Iraks Truppen vertreiben den IS aus Mossul
Nach monatelangen Kämpfen meldet Iraks Armee die vollständige Rückeroberung Mossuls. Der Sieg wurde durch Einnahme des IS-Hauptquartiers möglich. Besuch in der Zentrale des Terrors.
Mit dem Kopf seitlich leicht nach hinten gelehnt und dem Mund weit geöffnet, sitzt sie im Rollstuhl, als würde sie schlafen. Sie trägt einen leichten, ärmellosen Schurz, den Frauen der Region gern in den heißen Sommermonaten zu Hause anziehen. „Wir haben ihr noch Wasser gegeben, aber das half nichts“, erzählt Mohammed Raza, Leutnant der irakischen Bundespolizei. „Kurz darauf ist sie gestorben.“Die vielleicht 65-Jährige sitzt schon seit über einer Woche, wie dann auch zum Zeitpunkt ihres Todes, im Gang des Lagerhauses des al-Batool-Kinderkrankenhauses im irakischen Mossul. Die Frau im Rollstuhl war eine von vielen, die der Islamische Staat (IS) in der „Medizinstadt“gefangen gehalten hatte.

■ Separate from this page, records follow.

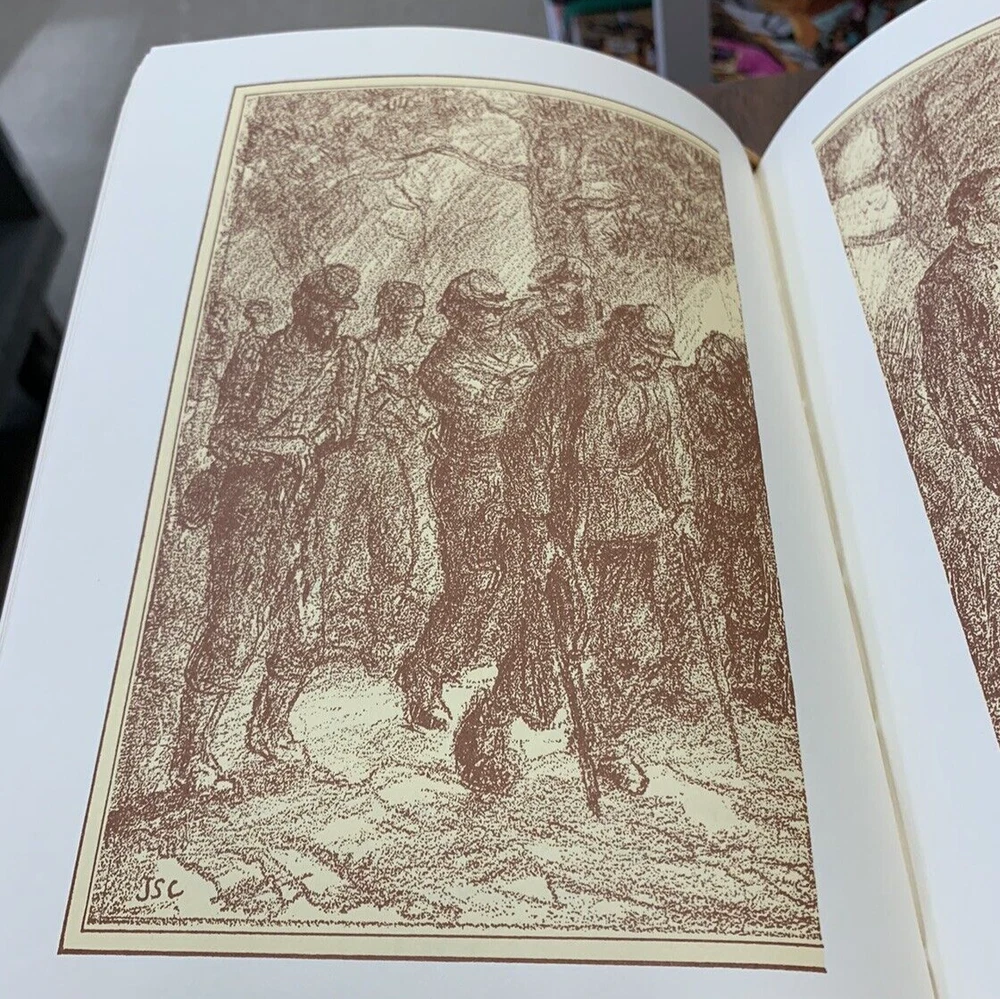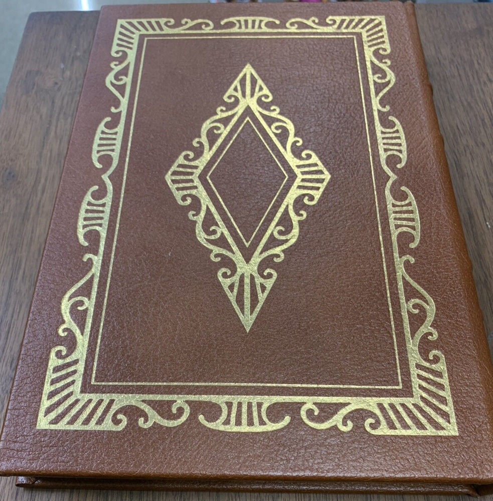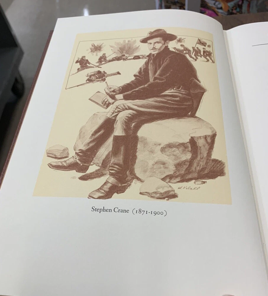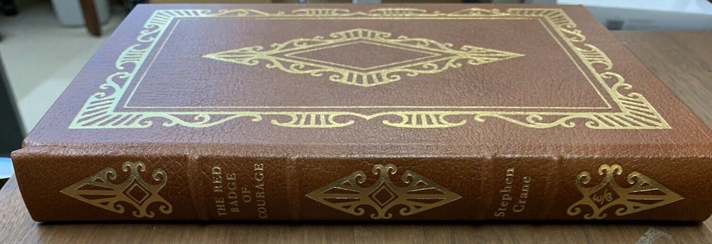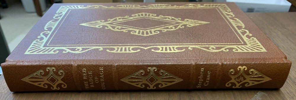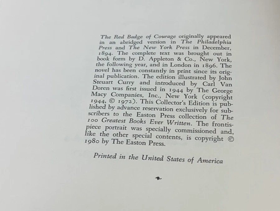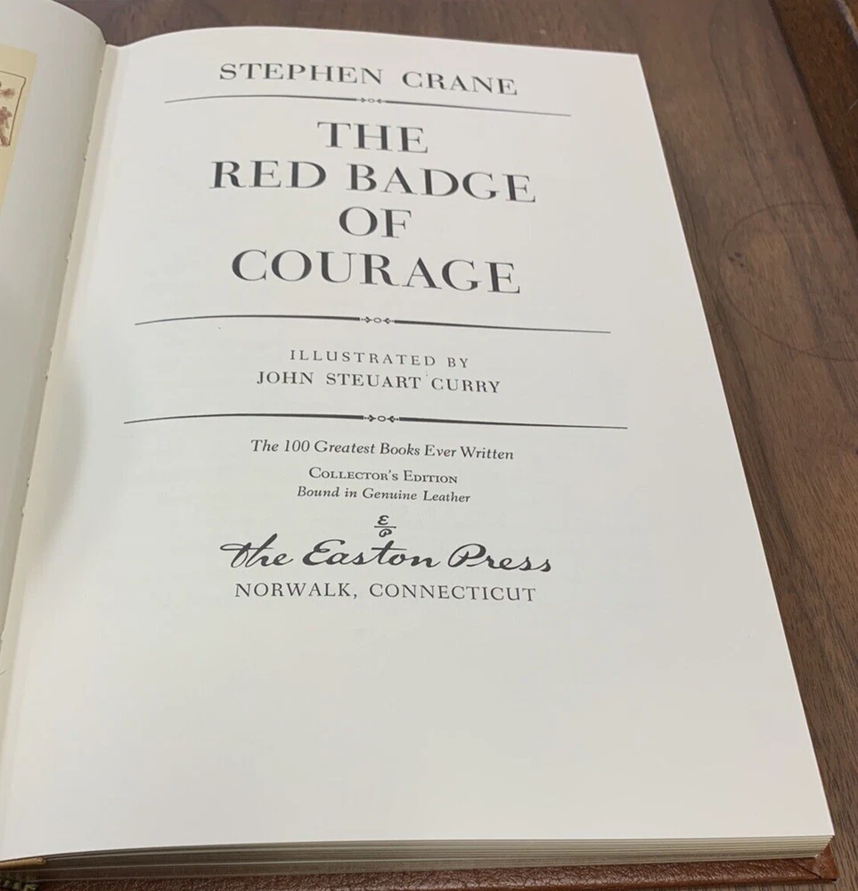 The Red Badge of Courage by Stephen Crane Illustrated by John Steuart Curry Published in 1980 by Easton Press Collector's Edition. 100 Greatest Books Ever Written. Near fine condition with minimal wear. Tight, square and unmarked. See photos. Bound in genuine leather. Moire endpapers, satin ribbon bookmark, gilded lettering on spine and embossing on front and back covers. Gilded side of pages. br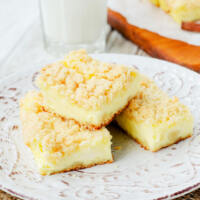 - Олією змащуємо бортики і дно ємності, в якій плануємо випікати ласощі. Висипаємо в цю форму 2/3 штрейзеля. Розрівнюємо крихту, трохи притискаючи і формуючи бортики. Виливаємо на штрейзель сирну начинку. Посипаємо десерт крихтою, що залишилася, розрівнюємо її та одразу ставимо страву в духовку. «Королівська ватрушка» буде готова за 40–50 хвилин.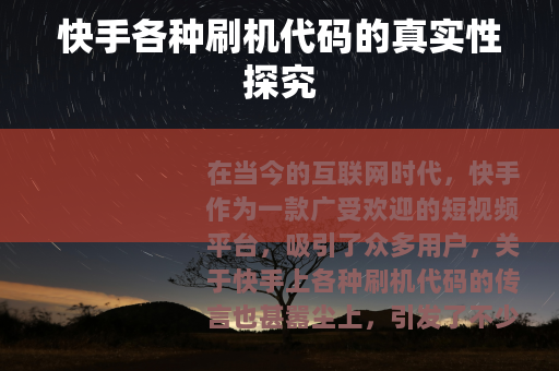 在当今的互联网时代,快手作为一款广受欢迎的短视频平台,吸引了众多用户,关于快手上各种刷机代码的传言也甚嚣尘上,引发了不少人的好奇与疑问:快手各种刷机代码是真的吗?为什么会有这样的传言呢?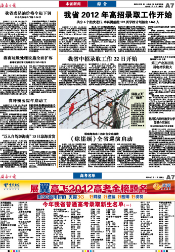 海南日报 本省新闻综合 007 2012-07-111 2012年07月11日 星期三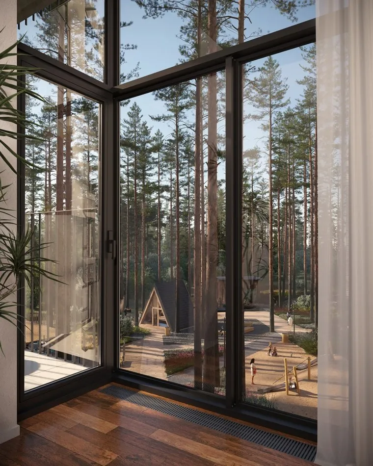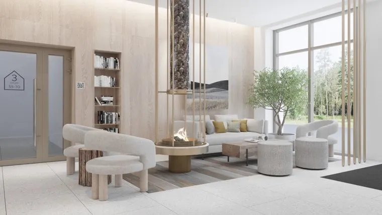Вместо привычных подъездов в жителей будут встречать просторные лобби. В их оформлении преобладают мягкие, естественные оттенки, внутри много света и теплой текстуры дерева. В каждом лобби будет биокамин и большая открытая терраса. Для любителей отдыха на свежем воздухе предусмотрены лаунж-зоны во дворах, а для детей — игровые площадки в эко-стилистике.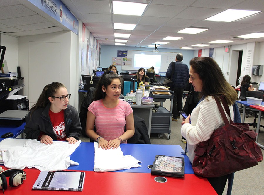 Miller Middle School students McKenna Coleman, left, and Lesley Rios, center, talk to Leila Berishvili, one of the educators visiting MSCD from the country of Georgia on Tuesday. The students were working on t-shirt design at Miller’s Modular Technology classroom.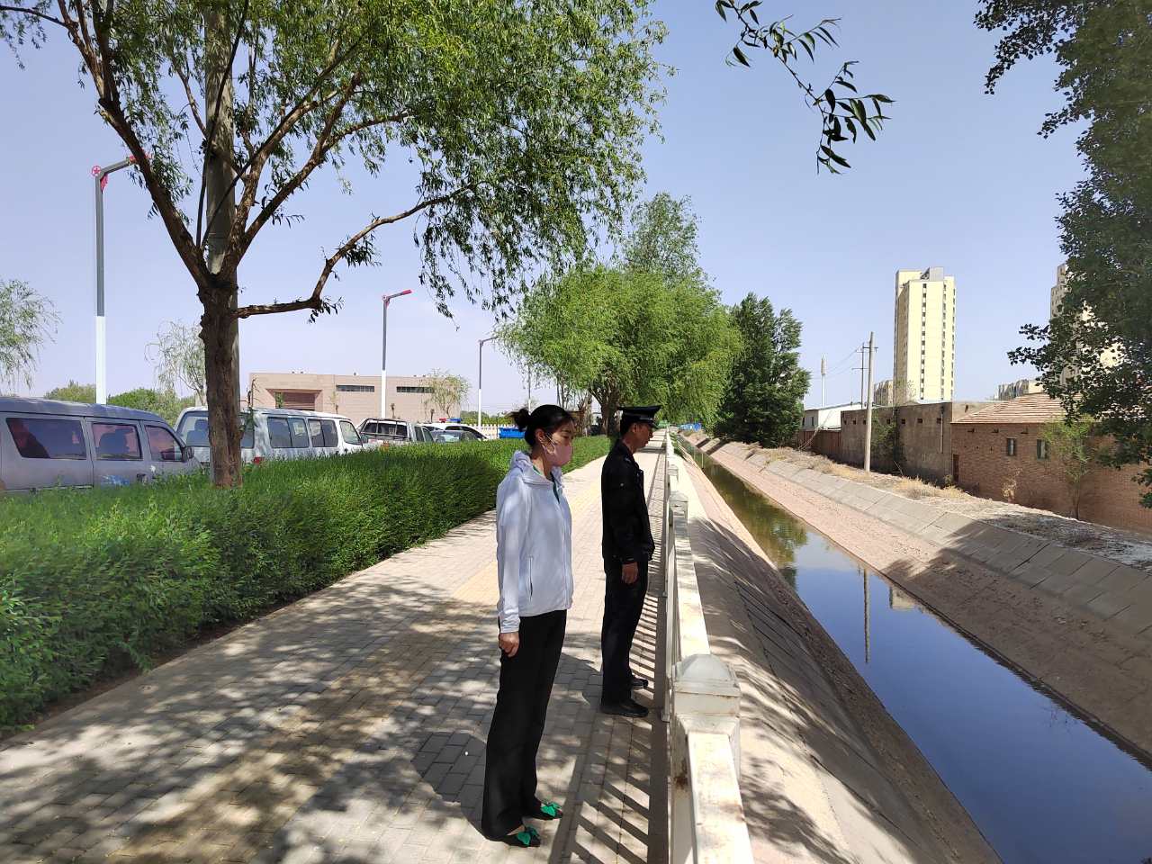 社區工作人員、網格員和民警工作人員來到站家渠(烈士陵園段),檢查沿河環境,巡查河岸林帶、生態環境、衛生等情況,并做了詳細記錄,為整改維護河道干凈整潔打下基礎。(魏建凱)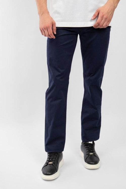 Детали: Мужские темно-синие хлопковые брюки от Gant (Гант). Пяти-карманная модель, пояс с петлями для ремня, прямой крой, полная длина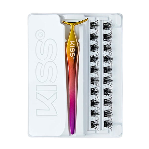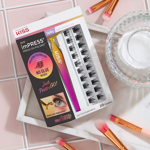¿La mirada perfecta en un solo paso? Es posible con las imPRESS Falsies Cluster de KISS, que revolucionan por completo su juego de pestañas gracias a la tecnología de preadhesión: Un adhesivo sensible a la presión ya está adherido a las pestañas artificiales, que se adhieren inmediatamente cuando se pegan a la línea de las pestañas naturales y después ¡hasta 24 horas!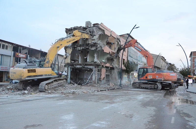 İlçe merkezinde 6 Şubat'ta meydana gelen afetin ardından yıkım kararı verilen yapılarda çalışmalar sürüyor.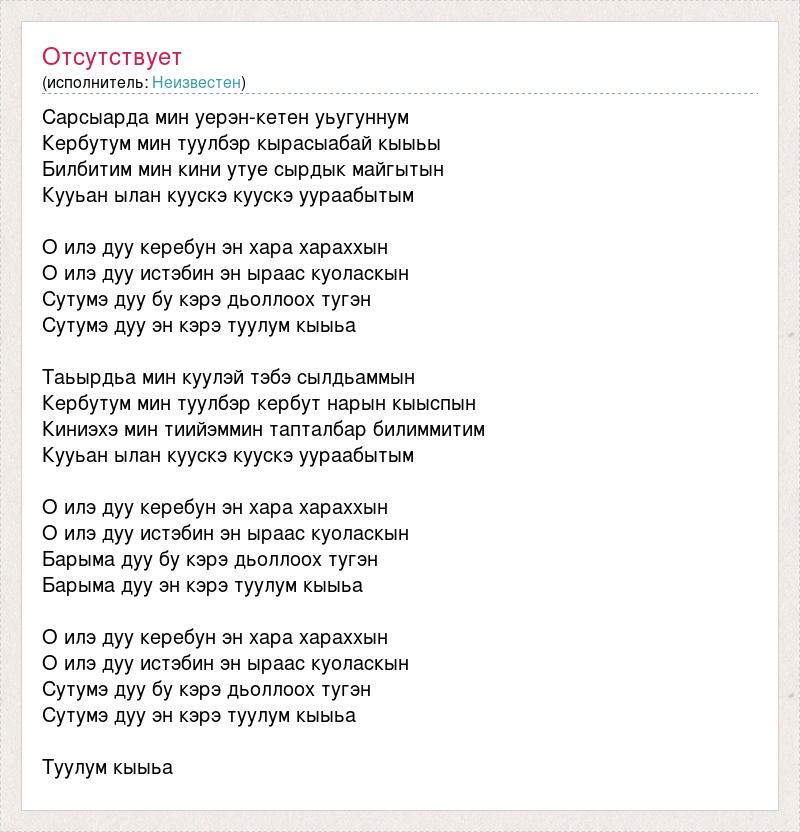 Сарсыарда мин уерэн-кетен уьугуннум Кербутум мин туулбэр кырасыабай кыыьы Билбитим мин кини утуе сырдык майгытын Кууьан ылан куускэ куускэ уураабытым О илэ дуу керебун эн хара хараххын О илэ дуу истэбин эн ыраас куоласкын Сутумэ дуу бу кэрэ дьоллоох тугэн Сутумэ дуу эн кэрэ туулум кыыьа Таьырдьа мин куулэй тэбэ сылдьаммын Кербутум мин туулбэр кербут нарын кыыспын Киниэхэ мин тиийэммин тапталбар билиммитим Кууьан ылан куускэ куускэ уураабытым О илэ дуу керебун эн хара хараххын О илэ дуу истэбин эн ыраас куоласкын Барыма дуу бу кэрэ дьоллоох тугэн Барыма дуу эн кэрэ туулум кыыьа О илэ дуу керебун эн хара хараххын О илэ дуу истэбин эн ыраас куоласкын Сутумэ дуу бу кэрэ дьоллоох тугэн Сутумэ дуу эн кэрэ туулум кыыьа Туулум кыыьа

Das riesige Gelände, mit Fachkliniken, Schulungszentren und Schwesternheimen, war das IS-Hauptquartier in Westmossul. Hier, nahe der Altstadt, lag das Kommandozentrum der Islamisten im blutigen Kampf gegen die irakischen Truppen. Hier plante der IS-Geheimdienst seine Terroranschläge, verhörte, folterte und exekutierte Gefangene. In den Kellern der Krankenhäuser wurden Bomben wie am Fließband gebaut, Fahrzeuge für Selbstmordattentate mit Unmengen von Sprengstoff beladen, Tausende von Waffen und Munition gelagert. Über einen Monat hatte die irakische Armee vergeblich versucht, die IS-Zentrale einzunehmen. Am 1. Juli schafften es die irakische Bundespolizei und die Schnelle Eingreiftruppe, die Medizinstadt zu erobern – und damit die letzte, große IS-Verteidigungslinie.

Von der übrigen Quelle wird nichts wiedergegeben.